COLLECTED MATERIAL:

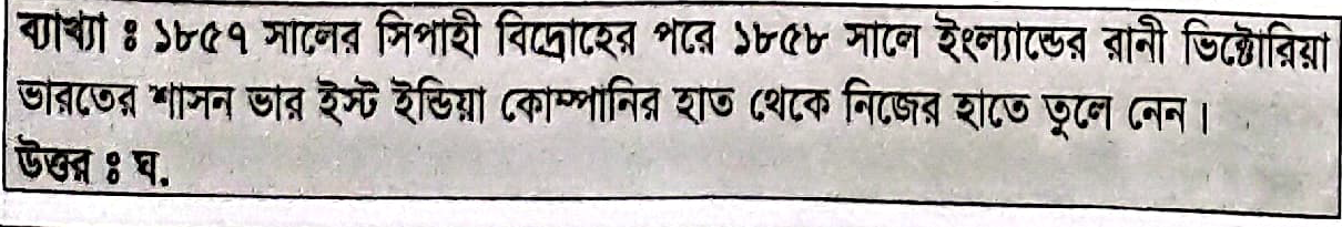Correct Answer is: ১৮৫৮
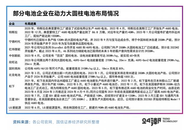(資料來源:24潮7月19日文章《“大圓柱電池” 的時代序幕已經(jīng)開啟》)
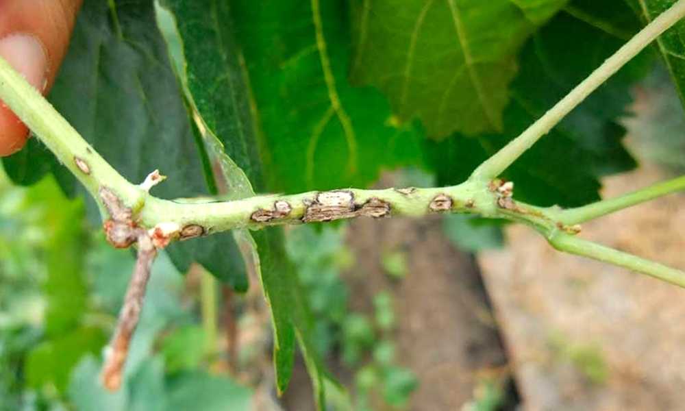 Когда возникает антракноз винограда, на листьях появляются некрозы в виде мелких круглых пятен с коричнево-черной каймой. Эти пятна постепенно сливаются, а иногда они могут оставаться одиночными. Сухие пораженные участки часто выпадают из зоны поражения, за счет чего листовая пластина становится «продырявленной». Больше всего подвержены инфицированию молодые листья. На побегах антракноз у винограда приводит к продольному растрескиванию коры и может заглубляться до сердцевины. Побеги становятся хрупкими, при этом края повреждений чернеют и становятся приподнятыми.
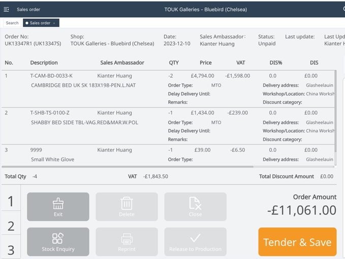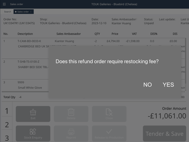 US-POS: Full Refund to a POS order Full Refund to a POS order, it is apply for all the status except after Delivered 1. Process Rerund button and furthe confirm 2. select if need the restocking fee 3. go to tender and pick the tender 4. confirm

WHAT YOU NEED TO DO: Write out the data exactly, and exclude every picture it holds.

EXERCISE OUTPUT:
Correct Answer is: ১৮৫৮
(資料來源:24潮7月19日文章《“大圓柱電池” 的時代序幕已經(jīng)開啟》)
 Когда возникает антракноз винограда, на листьях появляются некрозы в виде мелких круглых пятен с коричнево-черной каймой. Эти пятна постепенно сливаются, а иногда они могут оставаться одиночными. Сухие пораженные участки часто выпадают из зоны поражения, за счет чего листовая пластина становится «продырявленной». Больше всего подвержены инфицированию молодые листья. На побегах антракноз у винограда приводит к продольному растрескиванию коры и может заглубляться до сердцевины. Побеги становятся хрупкими, при этом края повреждений чернеют и становятся приподнятыми.
 US-POS: Full Refund to a POS order Full Refund to a POS order, it is apply for all the status except after Delivered 1. Process Rerund button and furthe confirm 2. select if need the restocking fee 3. go to tender and pick the tender 4. confirm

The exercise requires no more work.